Eying him, Emily said, “You’re blammed.”

Blammed . He hadn’t heard that term since college; it was long out of style, and naturally Emily still used it. “The word,” he said as distinctly as possible, “is now fnugled. Can you remember that? Fnugled.” He walked unsteadily to the sideboard in the kitchen where the liquor was.

“Fnugled,” Emily said and sighed. She looked sad; he noticed that and wondered why. “Barney,” she said, then, “don’t drink so much, okay? Call it blammed or fnugled or anything you want, it’s still the same. I guess it’s my fault; you drink so much because I’m so inadequate.” She wiped briefly with her knuckle at her right eye, an annoying, familiar, ticlike motion.

“It’s not that you’re so inadequate,” he said. “It’s just that I have high standards.” I was taught to expect a lot from others, he said to himself. To expect they’d be as reputable and stable as I am, and not sloppily emotional all the time, not in control of themselves.

But an artist, he realized. Or rather so-called artist. Bohemian. That’s closer to it. The artistic life without the talent. He began fixing himself a fresh drink, this one bourbon and water, without ice; he poured directly from the bottle of Old Crow, ignoring the shot glass.

“When you pour that way,” Emily said, “I know you’re angry and we’re in for it. And I just hate it.”

“So then leave,” he said.

“Goddamn you,” Emily said. “I don’t want to leave! Couldn’t you just—” She gestured with hopeless futility. “Be a little nicer, more charitable or something? Learn to overlook…” Her voice sank; almost inaudibly she said, “My shortcomings.”

“But,” he said, “they can’t be overlooked. I’d like to. You think I want to live with someone who can’t finish anything they start or accomplish anything socially? For instance when—aw, the hell with it.” What was the use? Emily couldn’t be reformed; she was purely and simply a slob. Her idea of a well-spent day was to wallow and putter and fool with a mess of greasy, excretion-like paints or bury her arms for hours on end in a great crock of wet gray clay. And meanwhile—.

Time was escaping from them. And all the world, including all of Mr. Bulero’s employees, especially his Pre-Fash consultants, grew and augmented themselves, bloomed into maturity. I’ll never be the New York Pre-Fash consultant, he said to himself. I’ll always be stuck here in Detroit where nothing , absolutely nothing new originates.

If he could snare the position of New York Pre-Fash consultant—my life would mean something, he realized. I’d be happy because I’d be doing a job that made full use of my ability. What the hell else would I need? Nothing else; that s all I ask .

“I’m going out,” he said to Emily and set down his glass; going to the closet, he got his coat.

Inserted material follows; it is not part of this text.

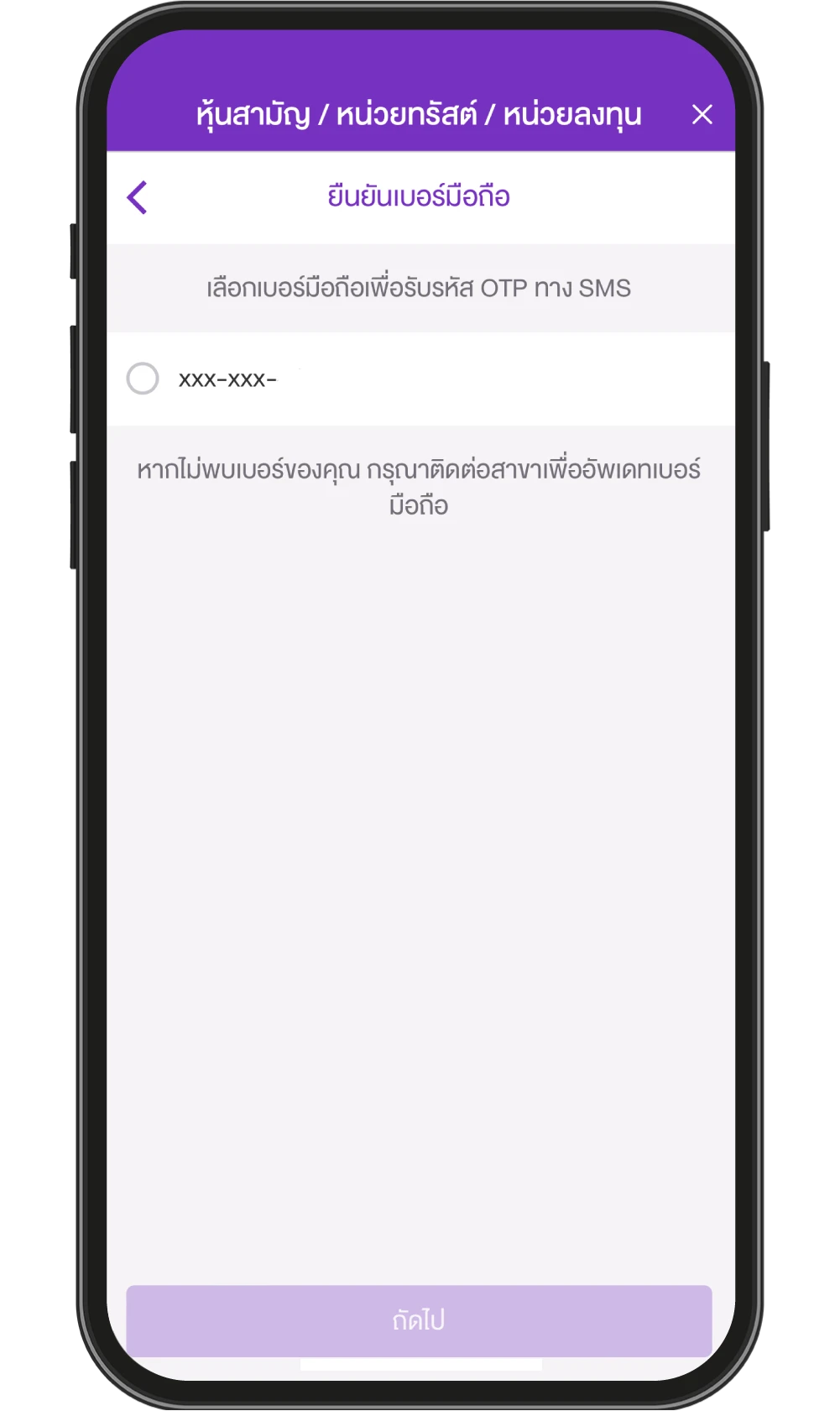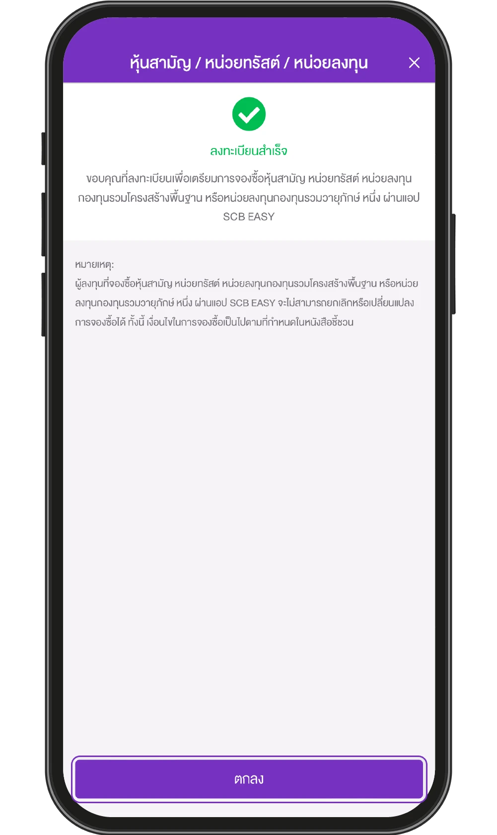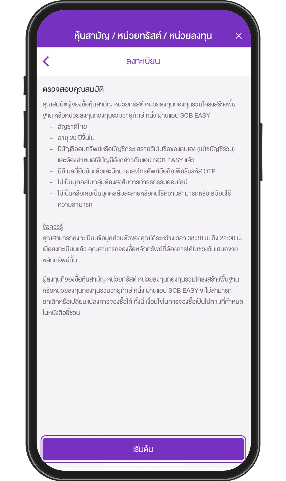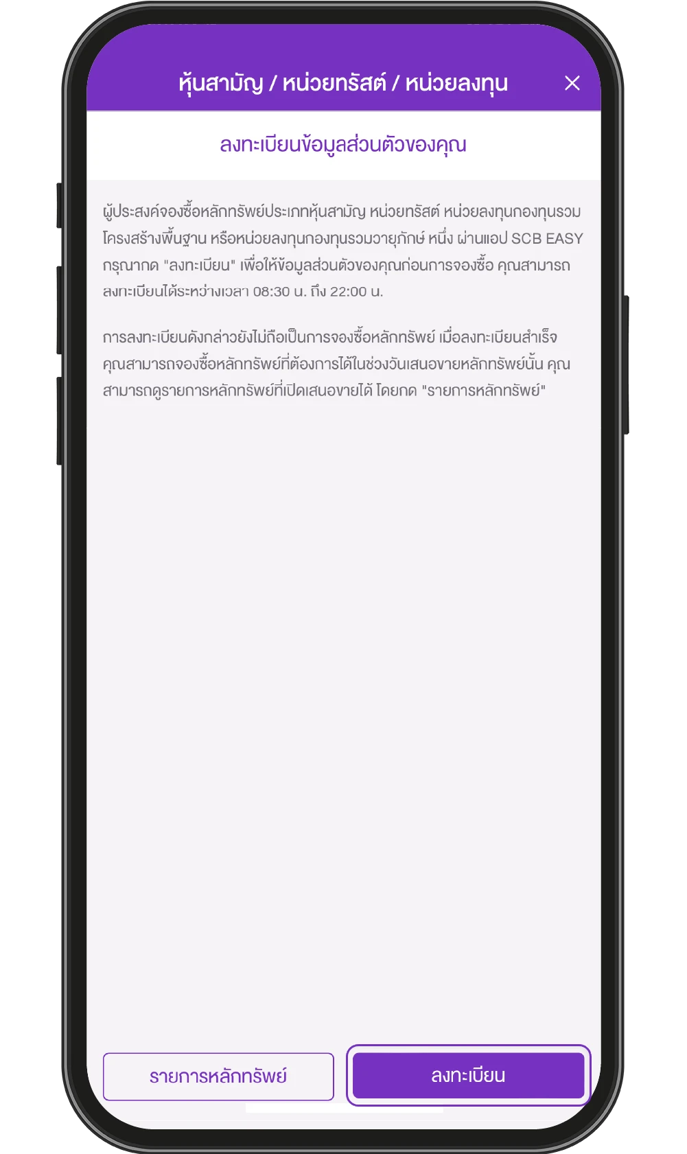 • สำหรับลูกค้าใหม่ ลงทะเบียนเพียงครั้งแรกครั้งเดียวเพื่อบันทึกหรือตรวจสอบข้อมูลส่วนตัว ก่อนจองซื้อ หุ้นสามัญ/ หน่วยทรัสต์/ หน่วยลงทุนผ่านแอป SCB EASY

“Will you be back before I go to bed?” Mournfully, she followed him to the door of the conapt, here in building 11139584—counting outward from downtown New York—where they had lived two years, now.

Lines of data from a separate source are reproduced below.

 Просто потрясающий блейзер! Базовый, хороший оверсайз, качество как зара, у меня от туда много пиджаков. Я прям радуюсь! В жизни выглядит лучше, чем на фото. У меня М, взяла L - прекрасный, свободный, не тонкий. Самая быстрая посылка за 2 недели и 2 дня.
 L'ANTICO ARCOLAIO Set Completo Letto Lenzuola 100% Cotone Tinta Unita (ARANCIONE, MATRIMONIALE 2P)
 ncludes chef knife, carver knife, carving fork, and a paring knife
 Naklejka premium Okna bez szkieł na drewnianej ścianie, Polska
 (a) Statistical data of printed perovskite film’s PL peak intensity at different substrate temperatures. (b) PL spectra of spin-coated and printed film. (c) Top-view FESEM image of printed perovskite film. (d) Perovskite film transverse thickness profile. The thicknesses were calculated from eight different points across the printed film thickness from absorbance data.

“We’ll see,” he said, and opened the door.

In the hallway stood a figure, a tall gray man with bulging steel teeth, dead pupiless eyes, and a gleaming artificial hand extended from his right sleeve. The man said, “Hello, Mayerson.” He smiled; the steel teeth shone.

“Palmer Eldritch,” Barney said. He turned to Emily. “You’ve seen his pics in the homeopapes; he’s that incredibly famous big industrialist.” Naturally he had recognized Eldritch, and at once. “Did you want to see me?” he asked hesitantly; it all had a mysterious quality to it, as if it had all somehow happened before but in another way.